Zing Forum

Reading

LLM Inference Optimization on Taiwania 2 Supercomputer: Throughput Experiments on V100 Cluster

LLM inference throughput experiments conducted on V100 GPU nodes of the Taiwania 2 supercomputer, exploring methods to maximize the inference efficiency of large language models in HPC environments.

LLM推理vLLMV100HPC台湾杉2号超算连续批处理GPU集群吞吐量优化模型部署
Published 2026-06-01 19:45Recent activity 2026-06-01 19:53Estimated read 6 min
LLM Inference Optimization on Taiwania 2 Supercomputer: Throughput Experiments on V100 Cluster
1

Section 01

Introduction: LLM Inference Optimization Experiments on Taiwania 2 V100 Cluster

This article introduces the open-source project LlmInferenceOnTaiwania, documenting LLM inference optimization experiments on the V100 GPU cluster of the Taiwania 2 supercomputer. It explores methods to maximize inference throughput in HPC environments and provides practical experience for model deployment. The core focuses on the application and optimization strategies of the vLLM engine.

2

Section 02

Experiment Background and Hardware Platform Introduction

Taiwania 2 Hardware Specifications

  • 252 GPU nodes, totaling 2016 NVIDIA V100 GPUs
  • Single node: 8 V100 GPUs (32GB HBM2 memory) + 2 Intel Xeon Gold CPUs
  • Interconnect: NVLink + InfiniBand EDR

Core Problem

Under HPC resource constraints (1-hour job duration, maximum 2 nodes/16 V100 GPUs), how to maximize the aggregated output token throughput of LLM inference? Its significance includes cost reduction, latency reduction, and improved resource utilization.

3

Section 03

Inference Engine Selection and Optimization Strategies

Core Technologies of vLLM Engine

  • PagedAttention: Draws on virtual memory paging to split KV cache into blocks, improving memory utilization
  • Continuous batching: Dynamically adds/removes requests to avoid idle waiting in static batching
  • Version selected: vLLM 0.7.0 (compatible with V100's Compute Capability 7.0)
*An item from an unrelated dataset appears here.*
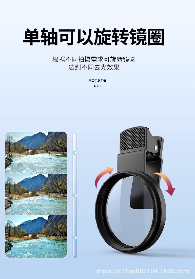 スポット52mm携帯電話撮影偏光子レンズフィルタークリップ付きCPL偏光レンズ反射除去hdフィルター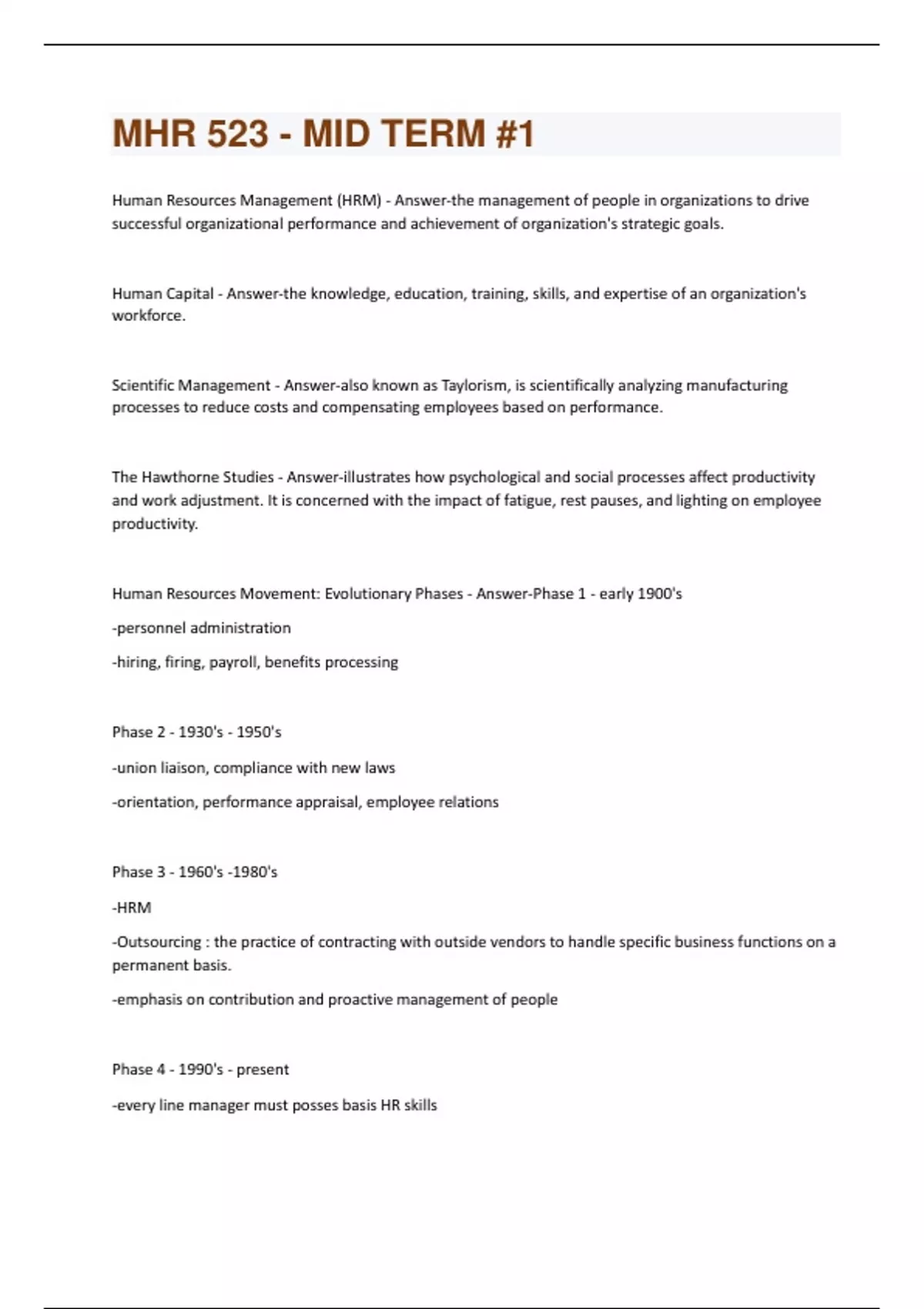 MHR 523 - MID TERM #1 QUESTIONS & ANSWERS SOLVED 100% CORRECT!

Experimental Optimization Strategies

  • Tensor parallelism: Split model parameters across multiple GPUs
  • Pipeline parallelism: Split the model by layers to form a pipeline
  • Batch size tuning: Balance memory and computing power utilization
  • Quantization techniques: Explore INT8/FP16 to reduce memory usage

Test configuration: 2 nodes (16 V100 GPUs), 1-hour job, covering different input/output lengths.

4

Section 04

Experimental Results and Key Findings

Key Findings

Continuous batching is the most critical optimization method, with advantages including:

  1. Eliminates idle waiting in static batching
  2. Adapts to variable-length sequences in real scenarios
  3. Significantly improves GPU utilization

Other Optimization Effects

  • Multi-GPU parallelism: 16 V100 GPUs achieve near-linear throughput scaling
  • Memory optimization: Adjust KV cache to support longer context
  • Scheduling strategy: Optimize resource allocation

The results validate the effectiveness of vLLM's design philosophy.

5

Section 05

Practical Insights and Best Practices

  1. Framework selection: vLLM is suitable for high-throughput scenarios; for latency-sensitive scenarios, consider TensorRT-LLM
  2. Version matching: For older GPUs (e.g., V100), prioritize compatible stable versions over the latest ones
  3. HPC scheduling: Use scheduling systems like SLURM to allocate resources reasonably
  4. Monitoring and tuning: Establish a monitoring system to continuously collect performance data for optimization

The project provides reusable configurations and scripts to lower deployment barriers.

6

Section 06

Project Limitations and Hardware Challenges

Inherent limitations of V100 hardware:

  1. Memory capacity: 32GB is tight for models with 70B+ parameters, requiring model parallelism
  2. Computing capability: Does not support new features like sparse computing, so efficiency is lower than A100/H100
  3. Interconnect bandwidth: NVLink bandwidth is lower than newer generations, which may become a bottleneck in large-scale parallelism

These limitations affect model scale and optimization effects.

7

Section 07

Project Summary and Future Outlook

This project proves that on older hardware (V100), satisfactory inference throughput can be achieved through software optimization (especially continuous batching). It provides a reusable solution for research institutions and data support for hardware upgrades.

We look forward to more open-source projects promoting the popularization of AI in the HPC field and facilitating the application of large language models in scientific research.